We sat down with Ryan Mattison, director of content and communications at search and AI-driven analytics company ThoughtSpot, to learn how smart communications professionals are navigating this environment. Ryan stressed the need to respect reporters’ time even more than usual and communicate transparently internally, and he shared with us which other companies’ communications strategies he has admired this year. 

How did COVID-19 impact your communications plans for 2020? What programs or initiatives did you need to rethink and what lessons can you share about the experience?

Like many B2B organizations, we’re focused on awareness, lead gen and deal acceleration. Those focus areas didn’t shift because of COVID-19, but the way we tackled them did. 

For example, events such as Gartner shows or the big Collision conference are important ways for us to get in front of potential buyers and show our product. We had to rethink our approach there, which meant reallocating budget to develop new types of virtual events that approached customer acquisition in different ways, and continuously reevaluating those efforts to determine which were working.

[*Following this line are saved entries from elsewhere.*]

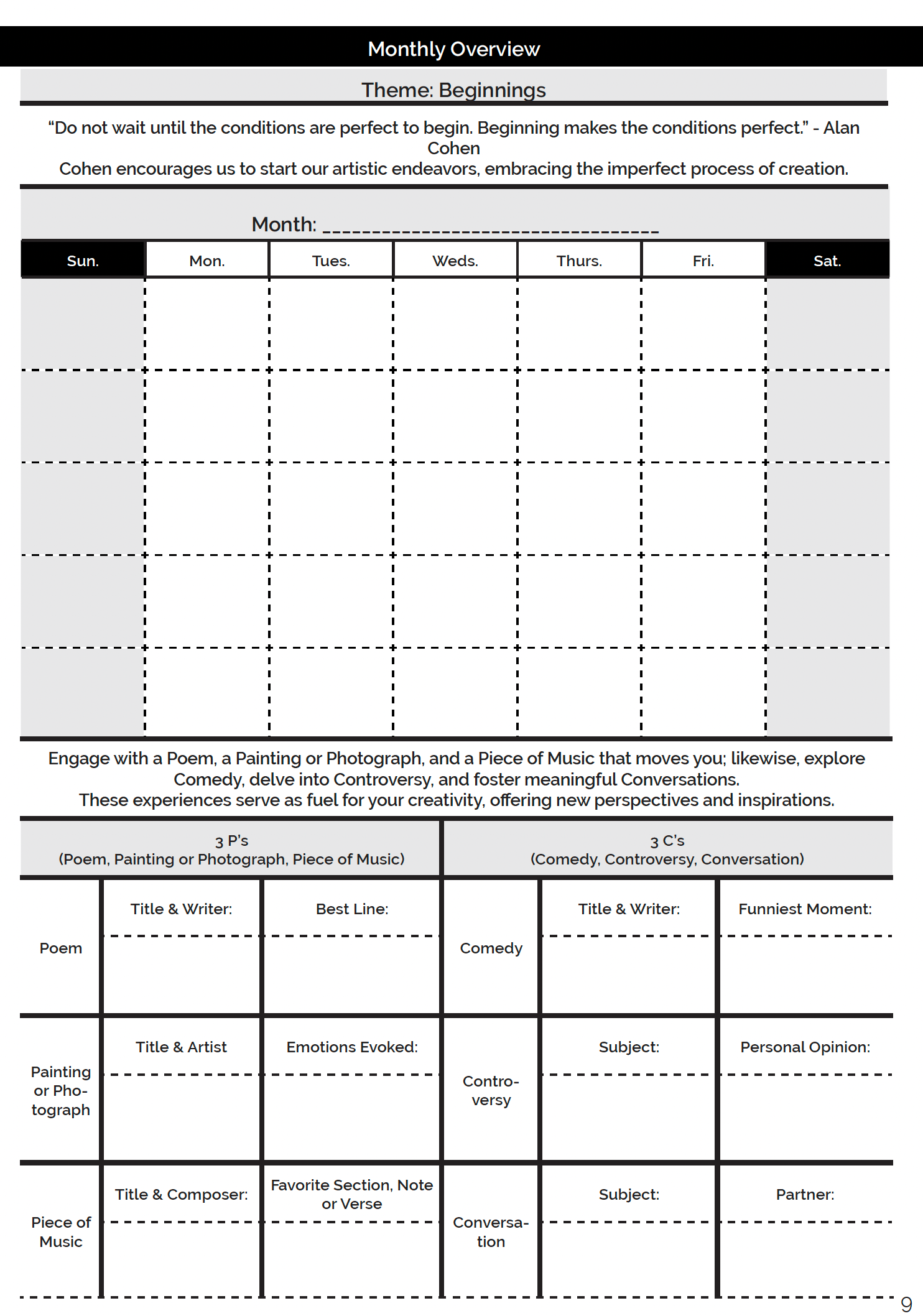- Inspiring Monthly Artistic Themes: Each month is centered around a distinct artistic theme, accompanied by motivational quotes and art references, to ignite your imagination and deepen your artistic engagement.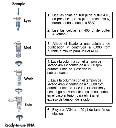 Procedes a aislar el ADN de las colas, utilizando el kit de purificación de ADN (QIAGEN), siguiendo las instrucciones del fabricante, como se detalla a continuación.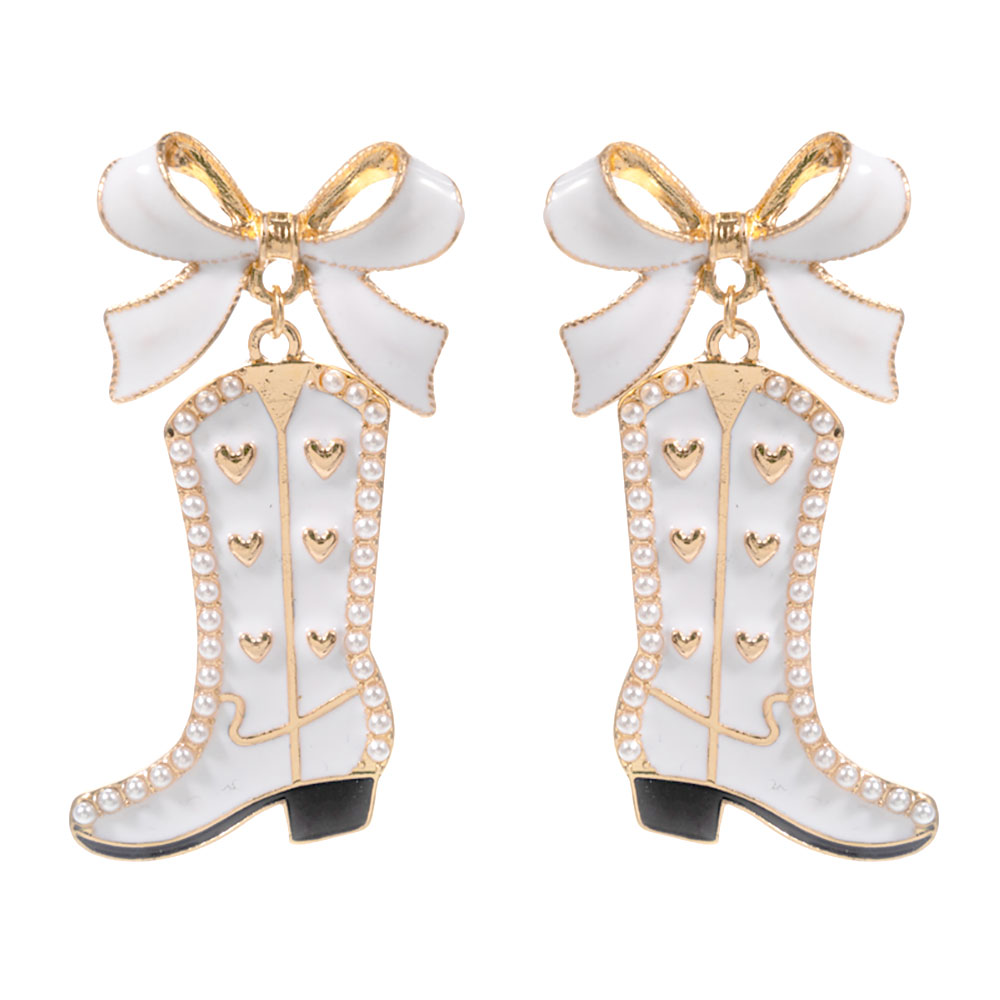 Details • Size : 1" X 1.8" • Titanium Post Back • Playful bride-themed statement earrings featuring a western boot charm with bow detail and heart accents. Perfect for bachelorette parties, bridal showers, western weddings, engagement photos, and themed celebrations. A fun accessory that adds personality to bridal outfits, party looks, and curated gift selections. • Hypoallergenic • Lead and Nickel Compliant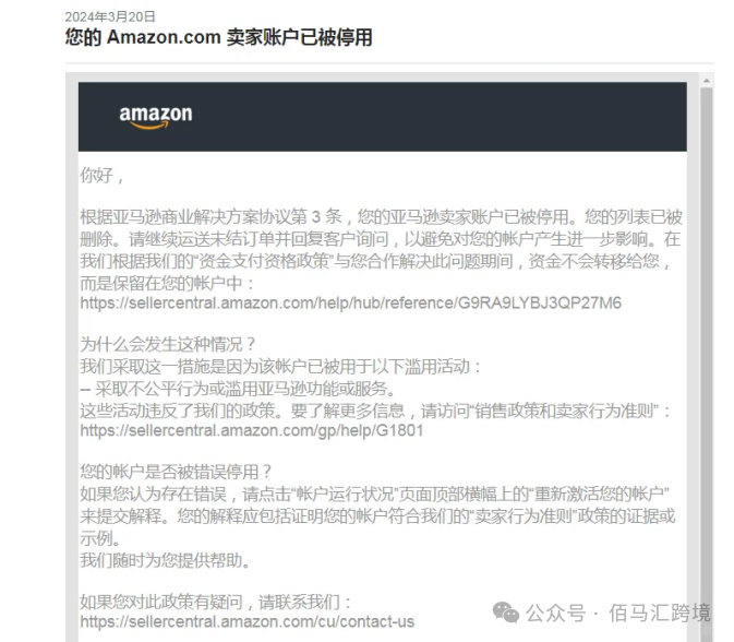 但是,昨天下午,大批量账号被直接停用,且分批进行,涉及多个老账号。亚马逊邮件称这些账号存在滥用问题,卖家对具体封号原因毫无头绪,心急如焚。对此,有经理推测这是常规的大促前清扫,只是对原本审核宽松的操作按条款从严执行了。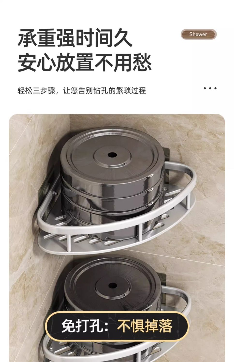 免打孔浴室三角架卫生间洗漱台壁挂置物架厕所洗手间厨房收纳角架

One of our most successful campaigns was The New Decision Makers, based on a report we produced with Harvard Business Review about how more companies are empowering their frontline workers with data. Having a compelling piece of original research that could fuel an entire campaign, including a microsite, webinars, white papers, blogs, customer stories, press, and social allowed us to cut through the noise and land a coherent, compelling message across a variety of channels.

How have you managed to engage reporters while respecting their more limited time and focus?

We’ve found that a campaign-driven approach is helpful, because a story that has depth and multiple elements to it can still break through and be appealing. For example, The HBR report had a tight focus and included new, valuable data that’s relevant to what businesses are going through right now. Reporters could see that it was worth shifting from their usual day-to-day coverage to explore it, because they could apply the data to the broader themes they were tracking.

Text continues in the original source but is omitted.